Невидимая рука рынка захватила, сдавила все сферы жизни для каких-то чудовищных экспериментов. Страна, как препарированная лягушка, задёргалась от электрических разрядов реформ.
Над людьми нависла трагедия, готовая разразиться отравленным кислотным дождём. Всё вокруг притаилось, сжалось и дрожало от страха, не находя укрытия...

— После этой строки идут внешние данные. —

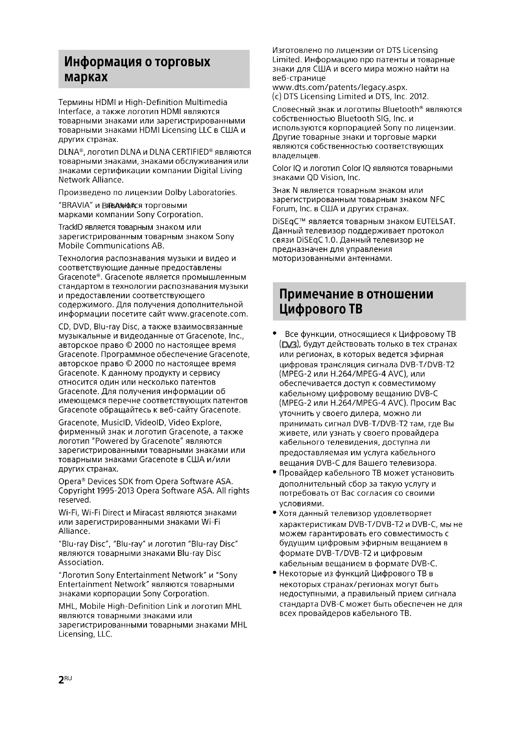 Термины HDMI и High-Definition Multimedia Interface, а также логотип HDMI являются товарными знаками или зарегистрированными товарными знаками HDMI Licensing LLC в США и других странах. DLNA®, логотип DLNA и DLNA CERTIFIED® являются товарными знаками, знаками обслуживания или знаками сертификации компании Digital Living Network Alliance. Произведено по лицензии Dolby Laboratories. “BRAVIA” и являются торговыми марками компании Sony Corporation. TrackID является товарным знаком или зарегистрированным товарным знаком Sony Mobile Communications AB. Технология распознавания музыки и видео и соответствующие данные предоставлены Gracenote®. Gracenote является промышленным стандартом в технологии распознавания музыки и предоставлении соответствующего содержимого. Для получения дополнительной информации посетите сайт www.gracenote.com. CD, DVD, Blu-ray Disc, а также взаимосвязанные музыкальные и видеоданные от Gracenote, Inc., авторское право © 2000 по настоящее время Gracenote. Программное обеспечение Gracenote, авторское право © 2000 по настоящее время Gracenote. К данному продукту и сервису относится один или несколько патентов Gracenote. Для получения информации об имеющемся перечне соответствующих патентов Gracenote обращайтесь к веб-сайту Gracenote. Gracenote, MusicID, VideoID, Video Explore, фирменный знак и логотип Gracenote, а также логотип “Powered by Gracenote” являются зарегистрированными товарными знаками или товарными знаками Gracenote в США и/или других странах. Opera® Devices SDK from Opera Software ASA. Copyright 1995-2013 Opera Software ASA. All rights reserved. Wi-Fi, Wi-Fi Direct и Miracast являются знаками или зарегистрированными знаками Wi-Fi Alliance. “Blu-ray Disc”, “Blu-ray” и логотип “Blu-ray Disc” являются товарн

Этимология слова трагедияв переводе с греческого (tragoidia) — козлиная песнь. Для русского человека более чем странен такой смысл, режет слух, как когнитивный диссонанс, но как точно подходит он к трагической ситуации с изобразительным искусством периода предперестройки и перестройки — так и представляешь: стоит здоровый, образованный, талантливый человек среди воя "козлиных песен" и растерянно моргает, не понимая, что происходит, и только обескураженно цедит сквозь зубы: "козлиное время".
Конечно это звучит грубо, на грани приличия, но, как ещё художник может обозвать окаянное время тотального дефицита абсолютно всего — не только зрителей, холстов и денег, но даже хлеба?!
Мы прыгнули из стабильного застоя в переломный период. Так и хочется сказать: "переломанные" года — прошлое безвозвратно утеряно, будущее во мгле. Удел многих — лишь погоня за призрачными ценностями. И только единицы смогли понять трагизм и драму ситуации...
"Туман остался от России...", — говорит поэт Юрий Кузнецов и продолжает — "Шагнули в бездну мы с порога".
Да! 80-е и 90-е шагнули в бездну хаоса последних лихолетий, где неприкаянные российские художники, брошенные своей страной в дикий и нецивилизованный рынок, бродили по закоулкам тёмных миров подсознания, ища яркую звезду вдохновения.
У времени размякли дёсны, и художники, как больные зубы, закачались, заохали, не чуя под собою тверди, словно чахлые деревья, завязшие в трясине болота.
Нас пугает невидимое, притаившееся за фасадом уже сказанного. Того и гляди, упадёт мысль, как яблоко на голову, которое, грохоча, пронесётся по рифленой крыше виртуального мироЗдания и исчезнет. Куда-то скатится в "чёрную дыру" нелинейного "Я", оставив вне дыры лишь послевкусие, как след от яблока, пропавшего с горизонта твоего настоящего.
А ты уже стоишь в будущем и вертишь в руках спелый фрукт, упавший из архаического прошлого. И кажется, что это то самое яблоко, что вызрело на древе познания, что растёт в Раю...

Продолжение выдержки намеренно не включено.